For two weeks now, I have felt as if I were gazing through a fishbowl. Going down the steep flight of stairs at work has been a daredevil exercise, as I discovered from the outset of wearing my new glasses that I could not actually see where I was placing my feet. Given that I am capable of tripping on a flat and uncluttered surface, this did not bode well. My lopsided ears were to blame. I went back to the optician today, and the fitting ladies pointed out that the frames were askew--and hence I was looking at the world through both near and far elements at the same time. They messed about with the orientation, and now I'm appreciating a clearer perspective. I'm still not used to craning my head around like an owl every time I want to focus on a new object, however. And short of bending double, I cannot focus on my toes! I told a friend that it would be nice to have a kind of checkerboard pattern of farsighted and nearsighted lenses, so you could see things clearly at every point of the compass, like a housefly.
My misery with my third severe cold in as many months kept me at home Friday week, so I teleworked for the first time, and got a lot done, despite having to get one of my coworkers to send individual files to me, as at the time my computer wasn't set up for remotely accessing the central database. This challenge has since been overcome. My new-to-me computer only has work stuff on it for now; all recovered files from my old machine are on a portable drive. Having a clean slate is a refreshing feeling. Before I start on my umpteenth book idea (the example of Ann Radcliffe gives me hope--she didn't marry until 43 or produce her first book until 45), I want to get my first desktop in twenty some odd years and several big monitors to attach side by side. I've really gotten spoilt with two monitors at work--being able to have two full working windows is so convenient! I met with my accountant this morning and immediately succumbed to intense monitor envy--he has five. Four are mounted in a floating square--I half expected to see a subset of the Brady Bunch pop up on the screens--and the largest sits alone off to the side, the lord of the files. I'm getting a tax refund from last year. He warned me that I shouldn't expect one for this year, since I will make money, provided I am not summarily sacked.

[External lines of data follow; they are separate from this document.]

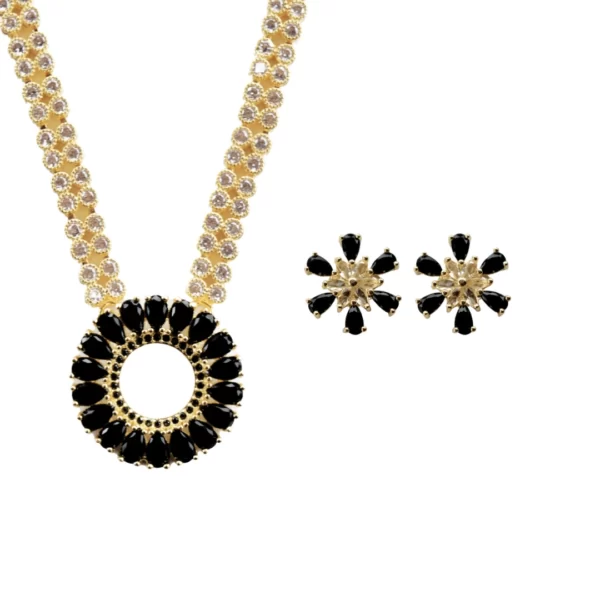 CONJ CHOKER DUPLA ZIRCONIA CRISTAL CIRCULO PRETO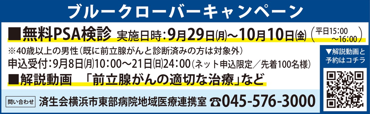 済生会横浜市東部病院=鶴見区下末吉=で9月8日(月)から10月10日(金)まで、前立腺がんの早期発見・治療を目的とする普及啓発企画「ブルークローバーキャンペーン」が行われる。9月29日(月)からは無料のPSA検診(要事前予約)もある。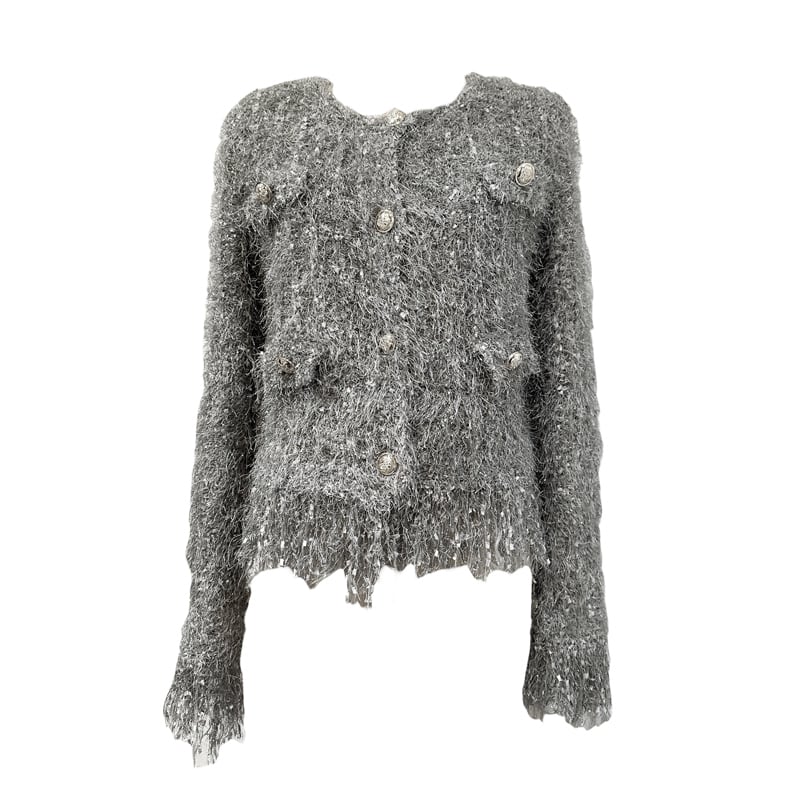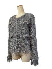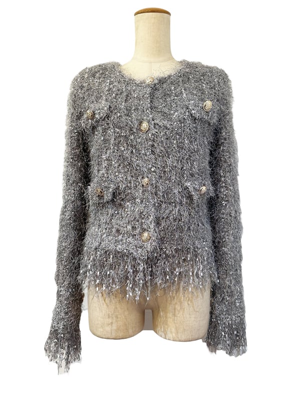 ■ディテール ミックスニット/メタルスレッド/ニットジャケット/フリンジ

I do like my work colleagues, though it's a bit like being back in grade school, not only because of the exposure to many germs: they talk about poop and sex what seems like all the time, so in some ways it echoes a junior high boys locker room...or a 1950s longshoremens union office, only without the smoking and high pay, and everyone's pale and soft around the middle. I have decided that given the informality of the atmosphere, I can be comfortable, and so I spend many hours either sitting on my stocking feet or with them propped on top of my desk as I lean back in my chair with my keyboard in my lap. so far no one's complained of the smell. All I need is a cigar, a large lead pencil behind one ear and a green eyeshade, and I'd look the classic editorial part. Instead, I have ordered a pair of kitty slippers from South Korea that I intend to wear at work. I started out being formal and proper and adult, and within two months my inner nerdslob has reasserted itself. Maybe if we left the light on in the office and my roommates were not constantly cursing their recalcitrant computers, I would be less prone to feel at home, but it's a collegial environment, and my boss only ventures upstairs biweekly to deliver our pay stubs in person.
My cousins, God bless them, are still putting me up, and putting up with me, two nights a week. I'm tremendously blessed. They have a huge black Labrador that tries to climb into my lap when I park in the driveway, and an elderly red spaniel that barks mournfully to announce my arrival, warning the herds of deer and packs of coyotes that live in the woods around to keep their distance. The frogs which sang so lustily during the warm spells in January are quieter now, and the crickets and cicadas haven't reached full summer voice. It's lovely out in the country--you can look up between the trees and all the constellations are bright in the dark sky, and the river is gurgling down at the bottom of the hill, on the other side of a muddy cornfield, where last year's stalks are dry and broken. Two weeks ago, I hiked down to see the river at dusk, and my cousin told me about camping down there when he was a boy, using leaky discarded boats to cross to the uninhabited island with his friends. They eventually sank all the boats in the river during their adventures, emerging muddy but unscathed. Every kid should have such a Tom Sawyer childhood.